A butt-load spent in cables - how much improvemt?


We spend quite a bit in cables for our systems, I'm wondering how much overall sonic improvement we get from cables? Let me explain my thought.....

I'm very happy with my current cabling (IC's, PC's, digital coax, and speaker cables). I was thinking about removing ALL of them and putting in ALL the original stuff I started with (stock PC's, cheap Monster IC's, Monster digital coax, and Monster XP copper speaker wire).

Then listening to the system to see how much degradation in sound I would have. Has anybody else thought of doing this or has done this?
vman71
Hi Ted, I'm not saying all cables sound the same. Cables could bring out the full potential of the system (provided there is already a musical sounding system and excellent system synergy), but it is unlikely they will add much more "musicality" to it. In case of a sytem with bad system synergy you cannot expect from cables (no matter what they cost) that they will "transform" the entire sound into something "magically". It is a fact that most cable advertisements are giving the impression that cables are capable of elevating the sound of a system, whatever the system and whatever the synergy, to a higher level of excellence, but this is absolutely not true.

Chris
Dazzdax. I certainly would not go so far as to say cables cannot elevate the sound to a higher level of excellence. Does this not imply a zero improvement?
Audiofeil states:

"Cables are system and listener dependent. It's that simple."

That sums it up as well for me. Cables, regardless of their cost, are very system dependent and subjective percentage improvement can only be subjectively quantified by the user in his own system.
Tbg wrote > "I certainly would not go so far as to say cables cannot elevate the sound to a higher level of excellence. Does this not imply a zero improvement?"

Perhaps just an issue of semantics, but a cable is not an active component. It cannot "add" anything to a signal; there is no amplification or gain and it shouldn't be shaping the frequency response or other signal characteristics.
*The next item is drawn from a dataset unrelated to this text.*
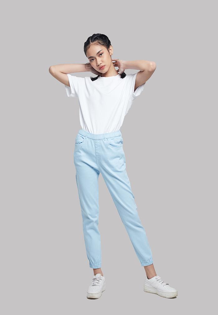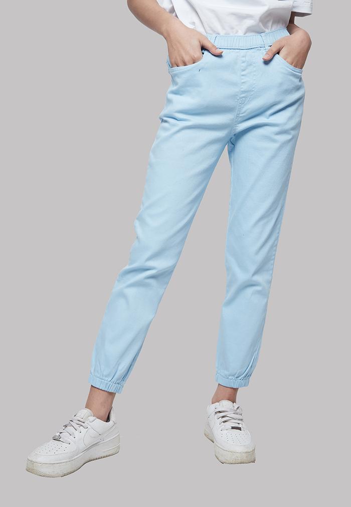 FLASH SALE CELANA PANJANG WANITA IHANG SOFT DENIM JOGGER PANTS LIGHT BLUE L
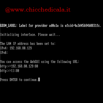 | 18. Qualche istante per impostare il vostro indirizzo IP LAN e alla fine ci restituirà una schermata tipo questa. Premiamo Invio per continuare e tornare alla schermata della console di Seput. | 19. Congratulazioni! Abbiamo configurato la l’ installazione iniziale di FreeNAS, a breve pubblicheremo la prossima Guida. (configurazione di base attraverso la Web GUI). | |

What a cable can do is take things away; it can fail to accurately transmit the signal. It can allow EMI or RF interference to distort the signal. It can change the frequency response. It can fail to transmit the full signal strength. But it cannot make the signal "better" than when it left the source component (unless you count on the cable's deficiency to be an inverse match to a defect elsewhere in a system.)

Of course, that is an interesting approach, build a system based on combining defects and substandard performance. Not the approach one would typically think to take, but there is room for everyone in this hobby. ;-)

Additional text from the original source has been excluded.